▸ Work to complete
Copy out the whole listing exactly as written, leaving the pictures behind.

▸ Provided information
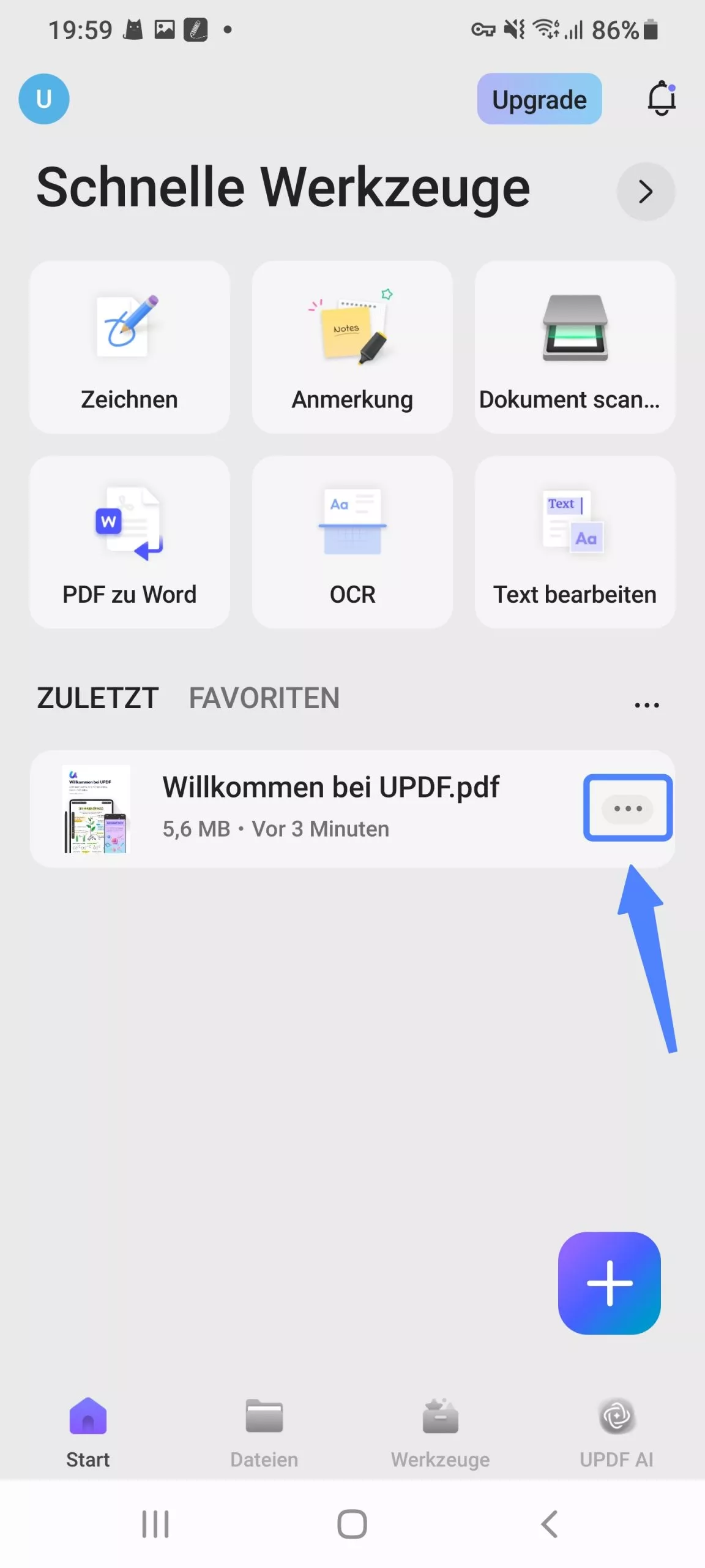 Schritt 1. Falls Sie UPDF noch nie zuvor verwendet haben, klicken Sie zunächst auf die Schaltfläche „+“ unten, um Dateien von Ihrem Android-Gerät in UPDF zu importieren.
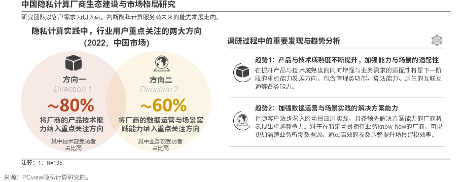 报告中,PCview隐私计算研究院分别对行业发展现状与趋势、细分领域实践、典型厂商展开了深入的研究。研究团队站在行业用户需求与应用实践的视角,进行了大量精细化的市场调研。
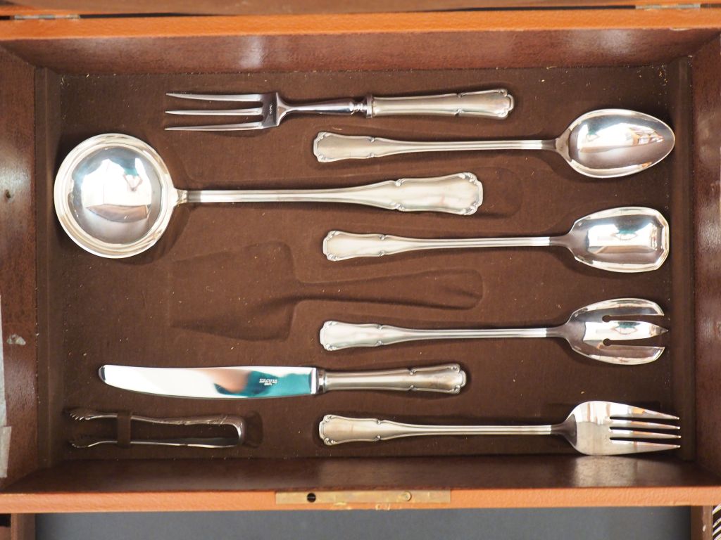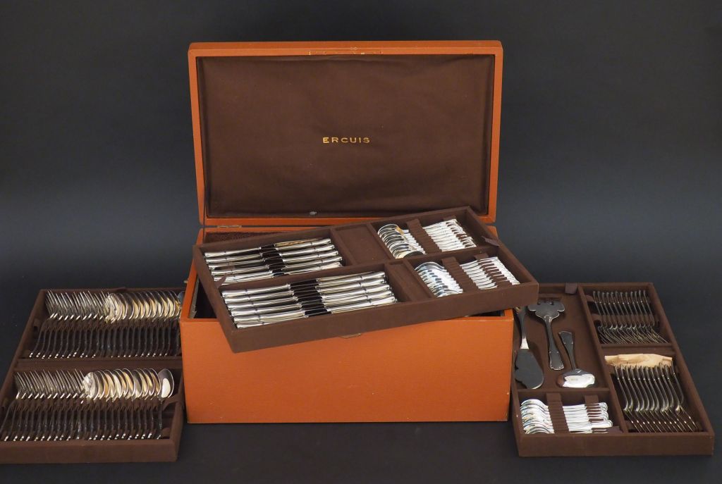 Ménagère Ercuis en métal argenté modèle feuillagé dans sa boite d'origine (état neuf) comprenant : 12 grands couverts, 12 couverts à entremets, 12 grands et 12 petits couteaux, 12 couverts à poisson, 12 fourchettes à huitre, 12 couverts à dessert, pièces de service (manque une pelle à tarte)
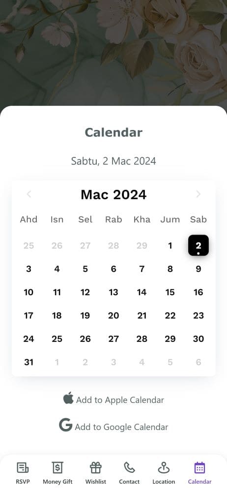 Simpan tarikh majlis sebagai peringatan di aplikasi kalendar
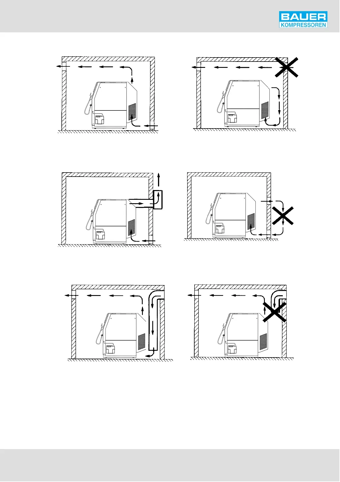 Correct: Air outlet duct upwards, cooling air
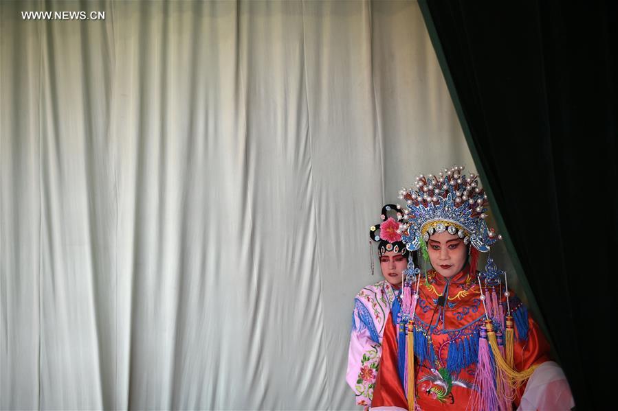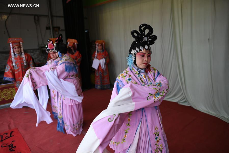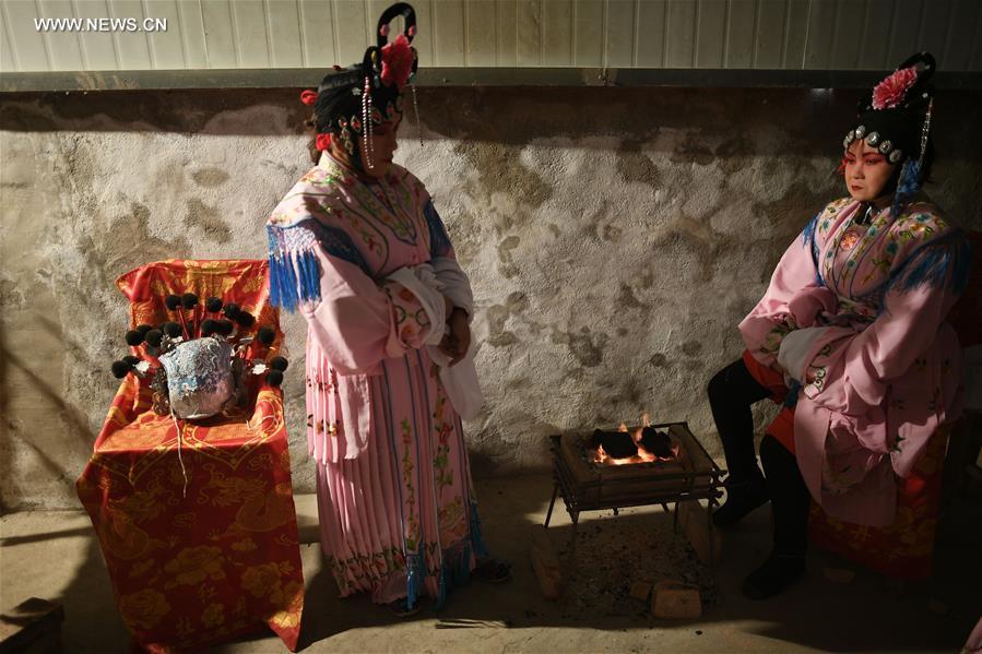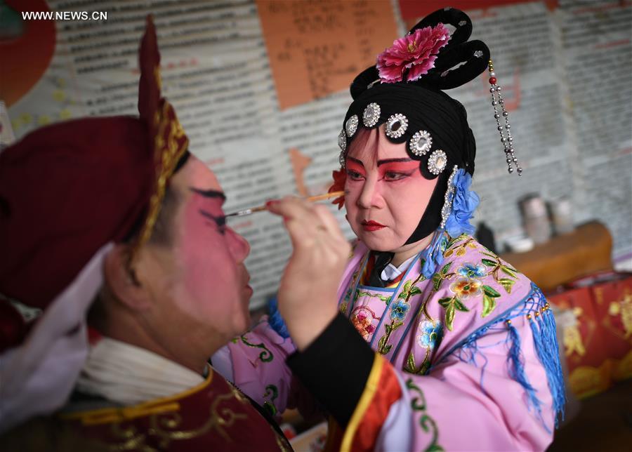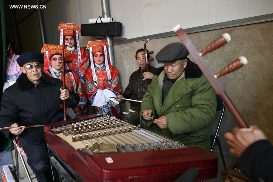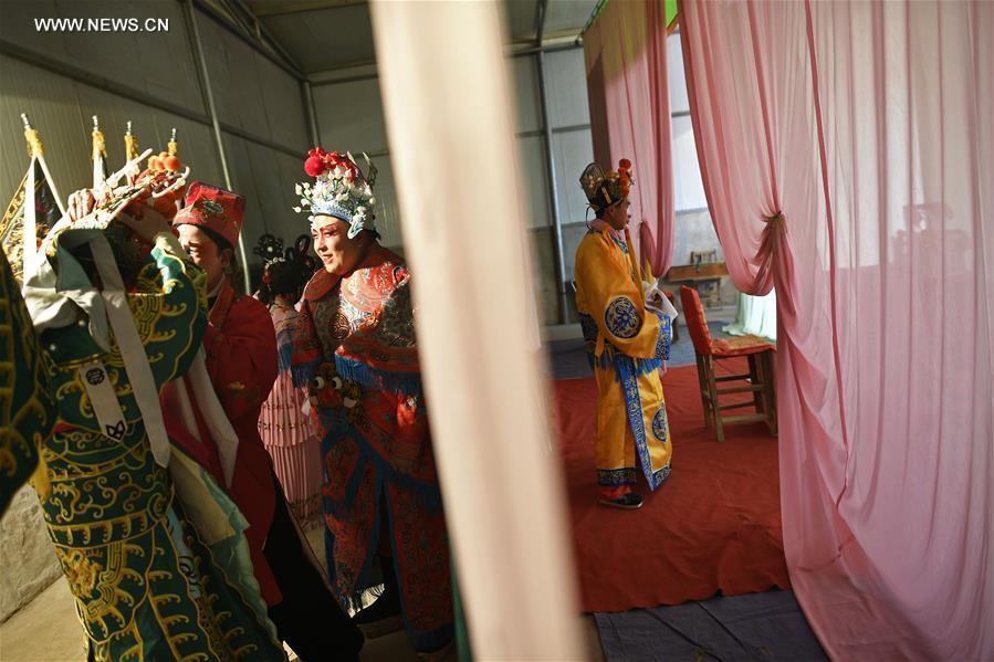 Members of a Shaanxi Opera team prepare before performing for spectators in Xinxing Village of Longde County, northwest China's Ningxia Hui Autonomous Region, Jan. 18, 2017. The Shaanxi Opera team, which consists of more than 30 amateurs who are farmers and non-professional opera performers, carried out tour performances for residents in towns and villages in rural areas during the Spring Festival holidays. Shaanxi Opera, commonly known as Qinqiang, is the oldest of all the Chinese operas that are still in existence today. (Xinhua/Wang Peng)

▸ Exercise output
 Schritt 1. Falls Sie UPDF noch nie zuvor verwendet haben, klicken Sie zunächst auf die Schaltfläche „+“ unten, um Dateien von Ihrem Android-Gerät in UPDF zu importieren.
 报告中,PCview隐私计算研究院分别对行业发展现状与趋势、细分领域实践、典型厂商展开了深入的研究。研究团队站在行业用户需求与应用实践的视角,进行了大量精细化的市场调研。
 Ménagère Ercuis en métal argenté modèle feuillagé dans sa boite d'origine (état neuf) comprenant : 12 grands couverts, 12 couverts à entremets, 12 grands et 12 petits couteaux, 12 couverts à poisson, 12 fourchettes à huitre, 12 couverts à dessert, pièces de service (manque une pelle à tarte)
 Simpan tarikh majlis sebagai peringatan di aplikasi kalendar
 Correct: Air outlet duct upwards, cooling air
 Members of a Shaanxi Opera team prepare before performing for spectators in Xinxing Village of Longde County, northwest China's Ningxia Hui Autonomous Region, Jan. 18, 2017. The Shaanxi Opera team, which consists of more than 30 amateurs who are farmers and non-professional opera performers, carried out tour performances for residents in towns and villages in rural areas during the Spring Festival holidays. Shaanxi Opera, commonly known as Qinqiang, is the oldest of all the Chinese operas that are still in existence today. (Xinhua/Wang Peng)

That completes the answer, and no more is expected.